### [Supplied information]
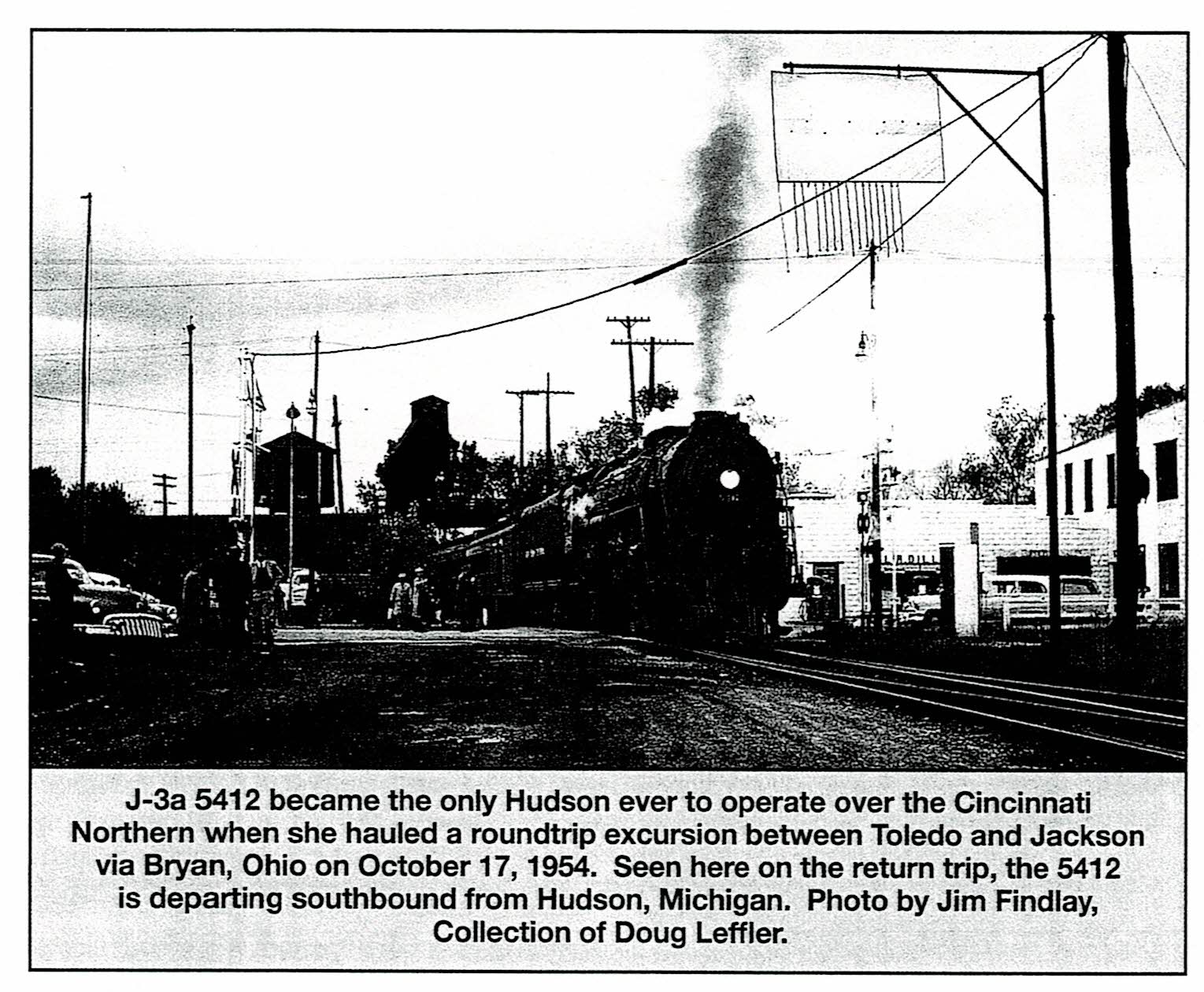 Motive power on the Cincinnati Northern began with American-type 4-4-0s and progressed to Ten Wheeler’s (4-6-0s) and then Mikados (2-8-2s) in classes H-5, H-6, and H-7. The last steam run on the Northern was behind an H-6. The only time a 4-6-4 Hudson appeared was when J-3a 5412 pulled an excursion train from Toledo to Jackson. It came off the NYC main at Bryan, Ohio and traveled north. It reversed to return. A NYC 4-8-2 Mohawk made only one trip on the NOR, running from Cincinnati to Van Wert and returned, but it was found that the CN’s 90-pound rail was too light. The Nickel Plate occasionally detoured a 2-8-4 Berkshire over the northern part of the line. Since the NOR was a north-south line, it crossed many foreign roads, some more than once. Whenever an NICP move appeared likely, there was a scramble to be the pilot, since the Berkshires were considered to be very smooth-riding locomotives. Bob Foster, the train master, usually won. There is no record of a Niagara ever making an appearance on the Cincinnati Northern.
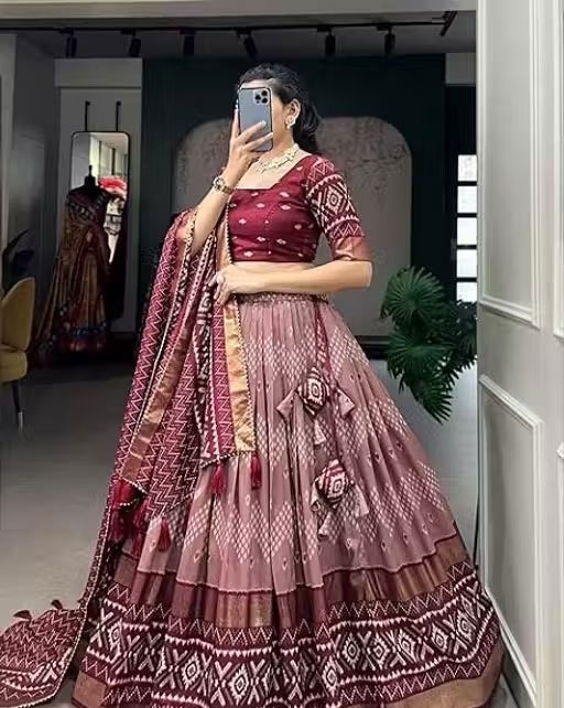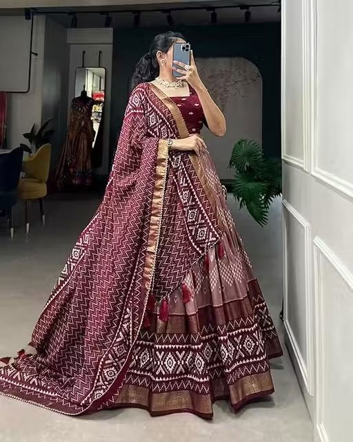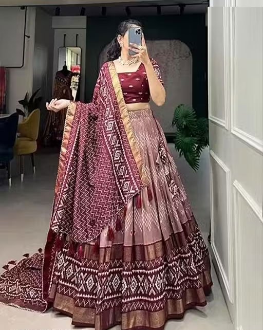 Women’s Tussar Silk Fabric With Bandhni & Patola Print And Foil Work Lehenga Choli For Womens And Girls
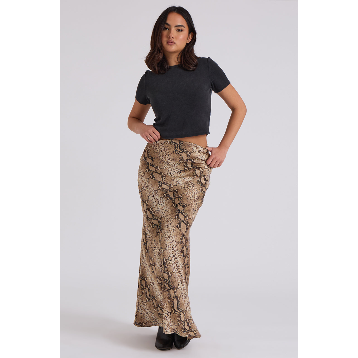 Introducing our Snake Print Bias Cut Maxi Skirt, designed to make a statement. With its eye-catching snake pattern and flattering bias cut, this skirt drapes beautifully for a smooth, flowing silhouette. Perfect for day or night, it effortlessly combines style and comfort for a bold, fashion-forward look.
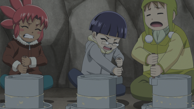 大停電は続く。電気で動くあらゆるものが使えない。スマホも通じなくなってしまった。原油不足も重なり物流もストップ。ストーブの灯油も車のガソリンも買えないし、食料はうばい合いだ。どうくつに入っていくシムを追うと、中はトウモロコシでいっぱいだった!ひとりじめかとせまるジオたちにシムは計画を明かす。風力発電所を動かし解決のきっかけを作る。そのためバイオ燃料を作って車を動かし、発電所にむかおうというのだ。
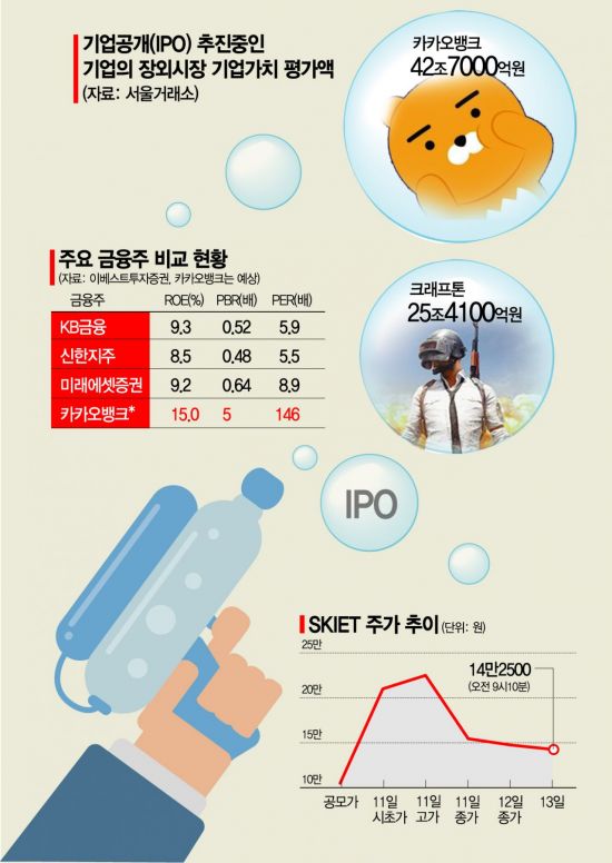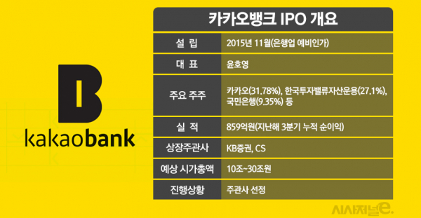 증권 연구원에 따르면 "카카오 뱅크의 기업 가치는 향후 금융 플랫폼으로써 지위 확보 여부와 차별화된 상품을 통한 고객 기반 락인(Lock-in), 총자산순이익률(ROA) 개선 등에 따라 가변적이다"라며 "현재 단계에서 카카오뱅크의 IPO 가치를 예단하는 것은 다소 이른 것으로 판단된다"라고 진단했다. 지난 2017년 인터넷 전문은행으로 출범한 카카오 뱅크는 지난달 15일 상장 예비심사 신청서를 한국거래소에 제출하며 공식적으로 상장 절차에 돌입한 상태다. 6월 안에 심사 결과가 나오면, 오는 7월에는 코스피 시장에 상장할 수 있을 것으로 전망된다.

### [What is required]
What you write must match, line for line, the lines from the one with "大停電は続く。電気で動くあら" through the last line of the data above, minus the pictures.

### [Response area]
 大停電は続く。電気で動くあらゆるものが使えない。スマホも通じなくなってしまった。原油不足も重なり物流もストップ。ストーブの灯油も車のガソリンも買えないし、食料はうばい合いだ。どうくつに入っていくシムを追うと、中はトウモロコシでいっぱいだった!ひとりじめかとせまるジオたちにシムは計画を明かす。風力発電所を動かし解決のきっかけを作る。そのためバイオ燃料を作って車を動かし、発電所にむかおうというのだ。
 증권 연구원에 따르면 "카카오 뱅크의 기업 가치는 향후 금융 플랫폼으로써 지위 확보 여부와 차별화된 상품을 통한 고객 기반 락인(Lock-in), 총자산순이익률(ROA) 개선 등에 따라 가변적이다"라며 "현재 단계에서 카카오뱅크의 IPO 가치를 예단하는 것은 다소 이른 것으로 판단된다"라고 진단했다. 지난 2017년 인터넷 전문은행으로 출범한 카카오 뱅크는 지난달 15일 상장 예비심사 신청서를 한국거래소에 제출하며 공식적으로 상장 절차에 돌입한 상태다. 6월 안에 심사 결과가 나오면, 오는 7월에는 코스피 시장에 상장할 수 있을 것으로 전망된다.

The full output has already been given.